Counting unique values in an array (Java)

Question

It's been asked before, I know, but I really don't know why my code isn't working. I'm trying to figure out how many unique values are in an undefined array. (i.e. {0, 0, 1, 1, 1, 5, 5, 6, 6, 7} should return a value of 5. This is what I have so far:

public static int numUnique(double[] list) {
    int counter = 0;
    
    for(int i = 0; i < list.length; i++) {
        for(int j = i + 1; j < list.length; j++) {
            if(list[i] != list[j])
                counter ++;
        }
    }
    
    
    return counter;
}

HashMap is really good for this if the value is already inside the HashMap than count it's value up otherwise create a new entry. Then check how many of the keys have value 1 — Aalexander, Jan 08 '21 at 22:28
@PetterFriberg, suggested answer refers to javascript not java — Nowhere Man, Jan 08 '21 at 22:44

score 7 · Accepted Answer · edited Mar 12 '21 at 15:33

7

Assuming that the array is sorted, you should only be checking if each element is not equal to the element immediately after it.

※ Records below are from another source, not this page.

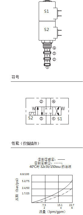 斷電時(shí),DASV10-47C 截止油液流向任何油口。 線圈 1 通電時(shí),允許
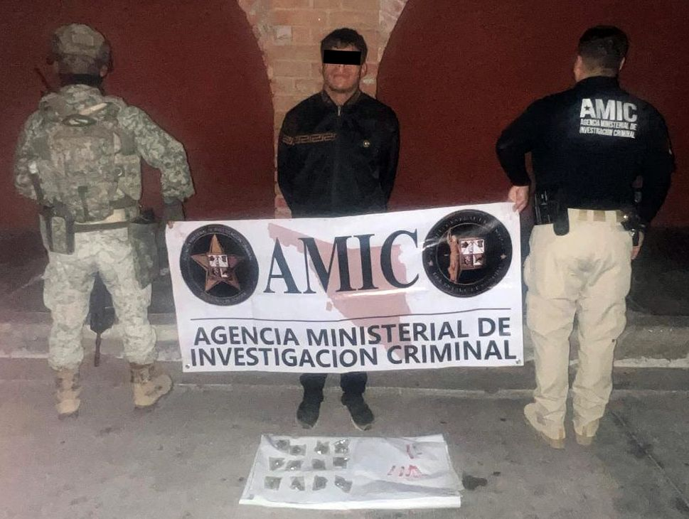 En otra acción, desarrollada en la colonia Centro, en Sonoyta, municipio de General Plutarco Elías Calles, fue detenido José Ángel “N”, de 21 años, originario de Ecatepec, Estado de México, a quien se le aseguraron doce envoltorios con marihuana y siete con “cristal” al momento de su inspección.
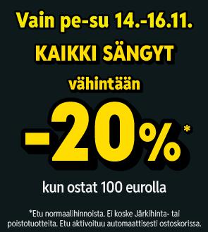 Tarjoustuotteissa kannattaa huomioida aina tarjouksen voimassaoloaika. Tarjouksemme vaihtuvat säännöllisesti, joten kannattaa käydä kurkkimassa kuukausittain verkkokaupan Tarjoussivu. Kun ostat kalusteen, kuten nojatuolin, ruokapöydän tai vaatekaapin voimassa olevan tarjouksen aikana, saat se tarjoushintaan, vaikka tuotteen toimitusaika menisikin tarjousajan ylitse.
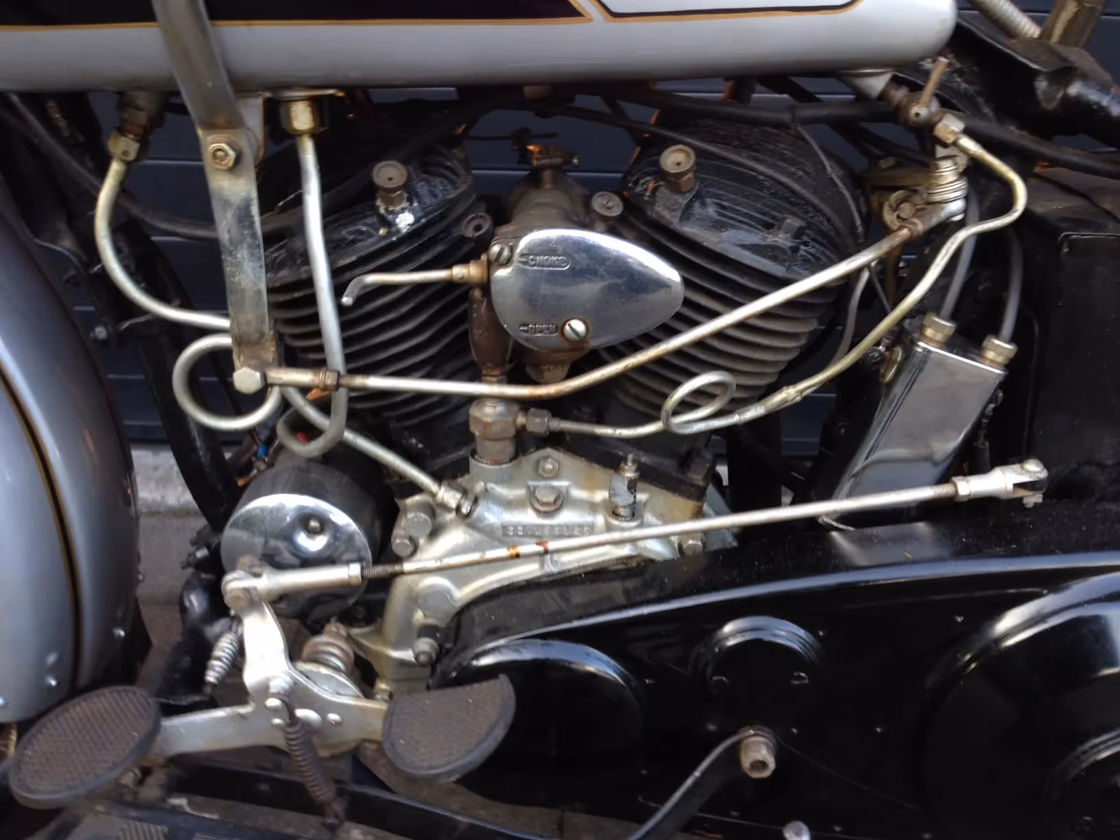 This model is rare because after the stock market crash in America, 1933 was the year with the lowest sales since 1910-11. Harley also stepped away from its standard olive-green color because Indian was now owned by paint manufacturer Du Pond and there were now many color variations available. These Harley's were now available in 5 different colour designs and in 1933 only with the art-deco bird motif on the tank. The VLE is a high compression engine with magnesium-aluminium pistons. The top speed is above 100miles/h (160km/h)

The counter should also be initialized to 1 since if all elements are the same, the number of unique elements is 1. We also need to add a check for a null or empty array, for which the result is 0. (If it isn't sorted, you could use Arrays.sort to sort it, but that is not the fastest method.)

public static int numUnique(double[] list) {
    if(list == null || list.length == 0) return 0;
    int counter = 1;
    
   for(int i = 1; i < list.length; i++)
       if(list[i - 1] != list[i]) ++counter;
    
    
    return counter;
}

Alternate methods include using Stream#distinct or a Set, which do not rely on order^*.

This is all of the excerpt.